New to This Edition
- Technology-Specific Learning Aids in MyLab Select MyLab exercises have learning aids (Help Me Solve This & View an Example) that offer technology-specific help for StatCrunch (-SC), the TI-84 graphing calculators (-TI), and Excel (-E). Exercises in MyLab with the -SC, -TI, or -E designation will have learning aids that contain technology specific help for your students. For example, in Section 3.2, Problem 27-SC offers specific StatCrunch tech help; Problem 27-E offers specific Excel tech help; Problem 27-TI offers specific TI-84 tech help.
- Threaded Health and Nutrition Problems Based on the feedback received from the threaded Tornado problems, the seventh edition now includes a corresponding threaded set of problems based on the National Health and Nutrition Examination Survey (NHANES) data obtained from the Centers for Disease Control and Prevention (CDC). In addition, the author wrote corresponding MyLab problems around this data set. The problems may serve as a semester-long project for your students.

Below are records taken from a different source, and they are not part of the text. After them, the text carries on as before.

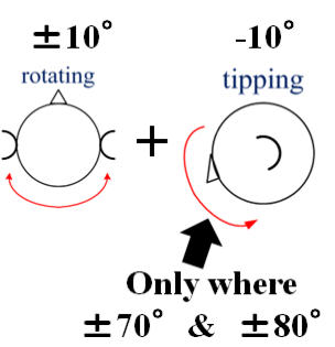Figure 2.2: Active audition of SIG2: For the surrounding sound, ambiguity of front and back is removed by moving the neck right, left and down.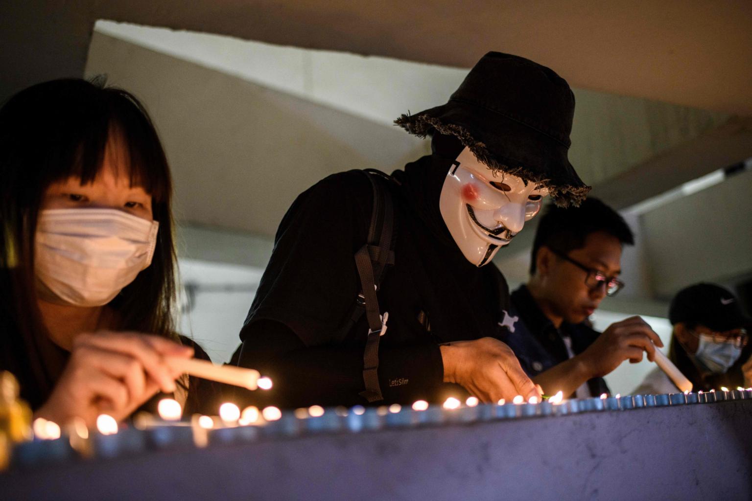 Mourners light candles in Kowloon, Hong Kong, on Nov 8, 2019, as they pay their respects at the car park where a student fell to his death earlier in the week.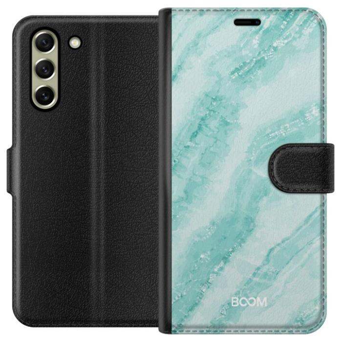 Plånboksfodral för Galaxy S21 FE 5G med Mint Marble -design. Fodralet kombinerar stil och funktion – ett slitstarkt mobilskal som skyddar mot repor och stötar samt praktiska kortfack på insidan.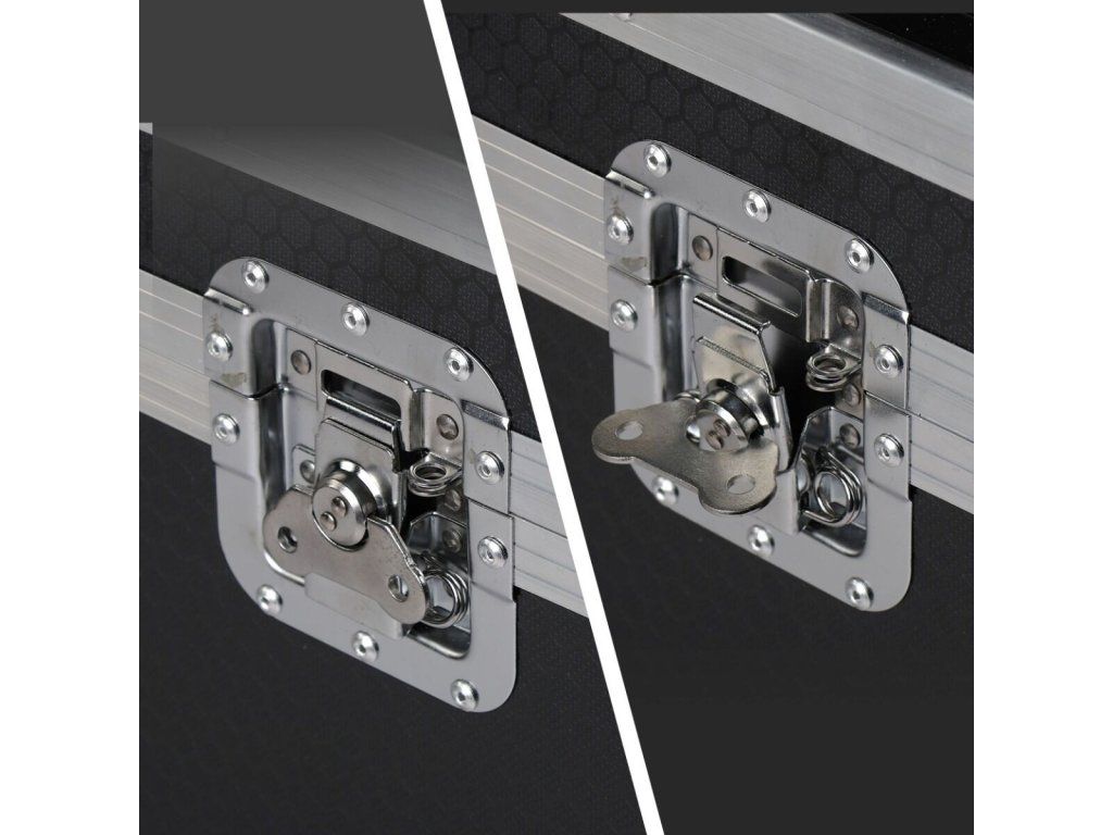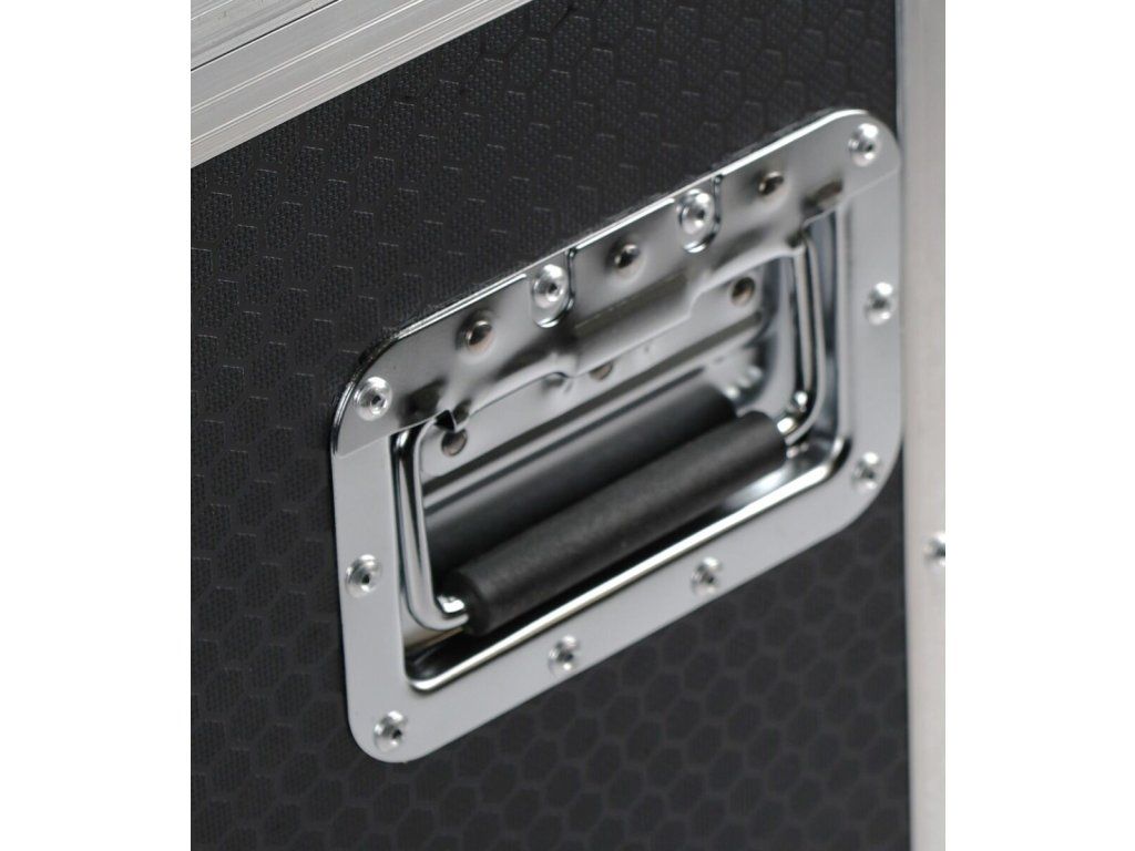 Motýlkové zámky zaručují bezpečné a rychlé uzavření. Rohové kulové ochrany navíc zabezpečují kufr před poškozením během časté nakládky a vykládky. Černo-stříbrný design skvěle ladí s ostatním scénickým vybavením a podtrhuje profesionální charakter vaší realizace.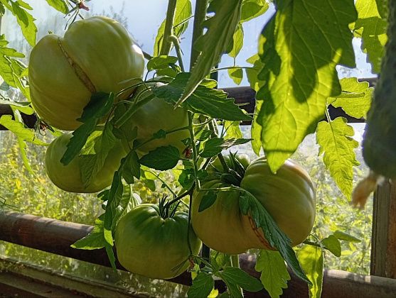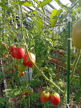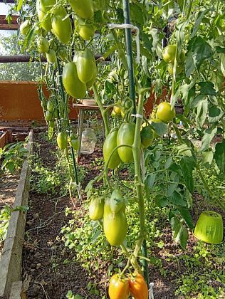 Малиновые купола, об этих помидорах я писала не раз, они прекрасно подходят для консервирования, ровные, кругленькие, на кусту - гроздьями, одного размера, с мелкими семенами. Поскольку в этом году я высадила их, минуя этап пикировки, созревание тоже немного затянулось, только-только начинают желтеть и краснеть.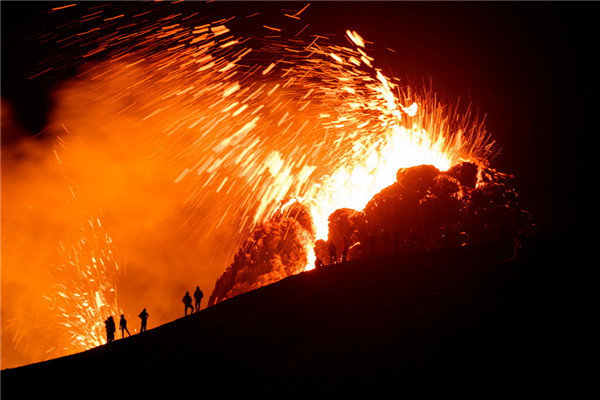 冰島雷克雅內斯半島的蓋爾丁達盧爾火山爆發奇觀。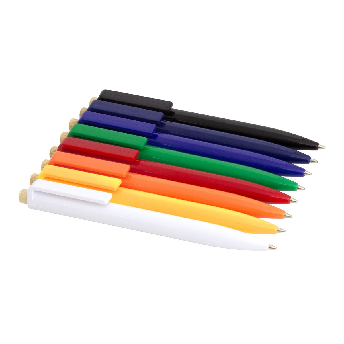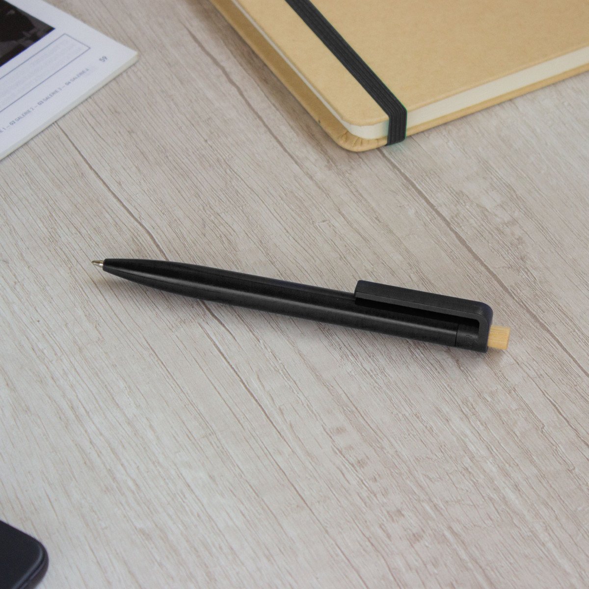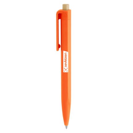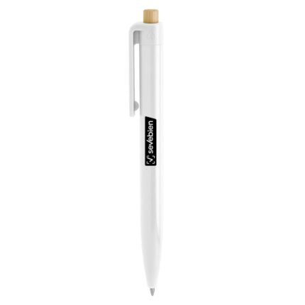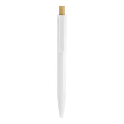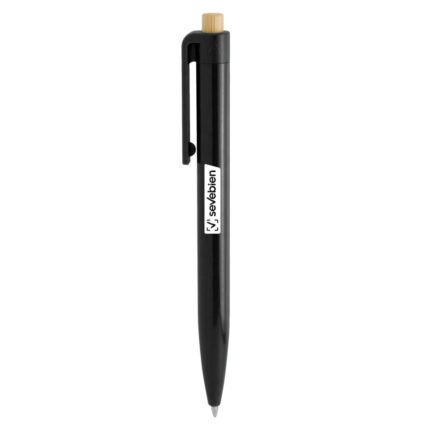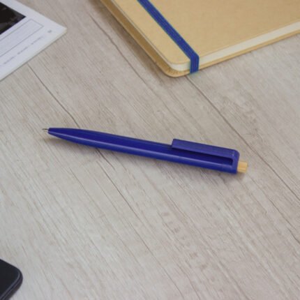 Diseño moderno con materiales reciclados.Bolígrafo retráctil. Cuerpo plástico en diferentes colores acabado brillante. Pulsador de bambú. Medidas: 1,05 x 13,5 cm.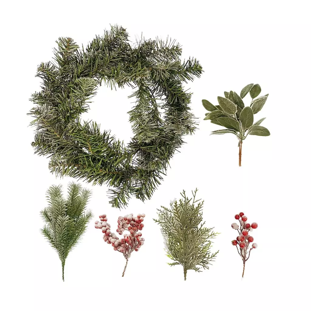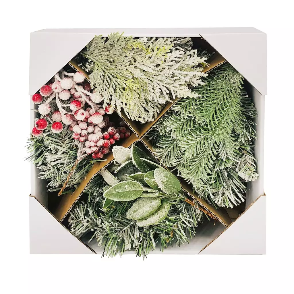 - 1 snowy pine wreath base with 2 types of snowy pine picks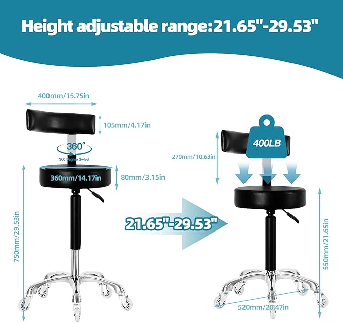 - Sturdy Durable——Weight Capacity is 400 lb.The base(20.47'')is thick and strong, the casters are high quality and durable.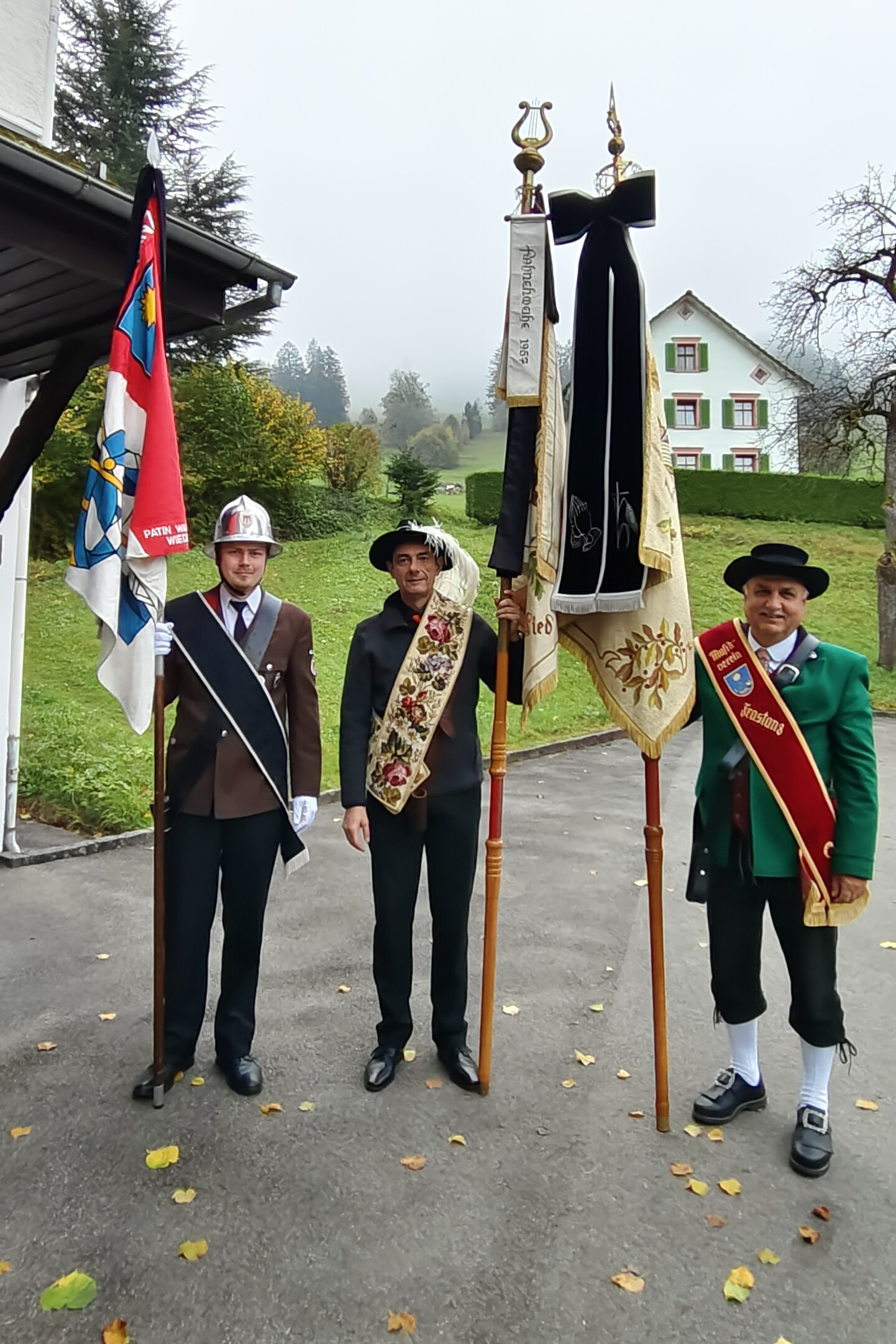 Die Fahnenträger der Feuerwehr, des Männer- & Frauenchors und des Musikvereins Frastanz Mario Müller, Roland Zugliani und Vesi Markovic.

- Videos There are many new lecture videos by author Michael Sullivan that have been updated to provide a detailed presentation of the material, improve audio quality, and address compliance concerns.
- MediaShare is a classroom tool for active, media-based learning. This feature facilitates active learning by making it easy to exchange, read, and respond to instructional content. Choose from a curated library or create your own video quizzes and projects.
- Dynamic Study Modules use cognitive science to help students study chapter topics through quick practice and personalized remediation. As a result, students can build confidence and deepen their understanding in key topics. Modules specific to Statistics 7/e were written by Heidi Lyne.
- Soft Skills/Affective Domain Written by George Woodbury. These provide the opportunity for your students to learn about growth mindset and develop study skills as they progress through the course.
- Technology Step-by-Step Guides The Technology Step-by-Step guides provide instruction on how to obtain statistical results for StatCrunch, the TI-84 graphing calculator and Excel. These are available under Learning Tools in the Video & Resource Library.
- R Support The Technology Step-by-Step that is included before every end of section exercise set, now includes support for R. There is a complete R guide available at https://sullystats.com/r-guidebook.
- Simulation & Randomization Sections Simulation and randomization methods are a popular approach to presenting hypothesis testing. The seventh edition makes it easier to incorporate this approach to your course.
- Sections 10.2A/10.2B cover hypothesis tests for a proportion using simulation with a P-value approach (Section 10.2A) followed by hypothesis tests for a proportion using the normal model with a P-value approach.
- Sections 10.3A/10.3B cover hypothesis tests for a mean using simulation and the bootstrap with a P-value approach (Section 10.3A) followed by hypothesis tests for a mean using Student’s t-distribution with a P-value approach.
- Sections 11.1A/11.1B cover hypothesis tests for two independent proportions using randomization methods with a P-value approach (Section 11.1A) followed by hypothesis tests for two independent proportions using the normal model with a P-value approach.
- Sections 11.2A/11.2B cover hypothesis tests for two dependent means using the bootstrap with a P-value approach (Section 11.2A) followed by hypothesis tests for two dependent means using the Student’s t-distribution with a P-value approach.
- Sections 11.3A/11.3B cover hypothesis tests for two independent means using randomization methods with a P-value approach (Section 11.3A) followed by hypothesis tests for two independent means using the Student’s t-distribution with a P-value approach.
- Sections 14.1A/14.1B cover hypothesis tests for the slope of the least-squares regression model using randomization methods with a P-value approach (Section 14.1A) followed by hypothesis tests for the slope of the least-squares regression model using the Student’s t-distribution with a P-value approach.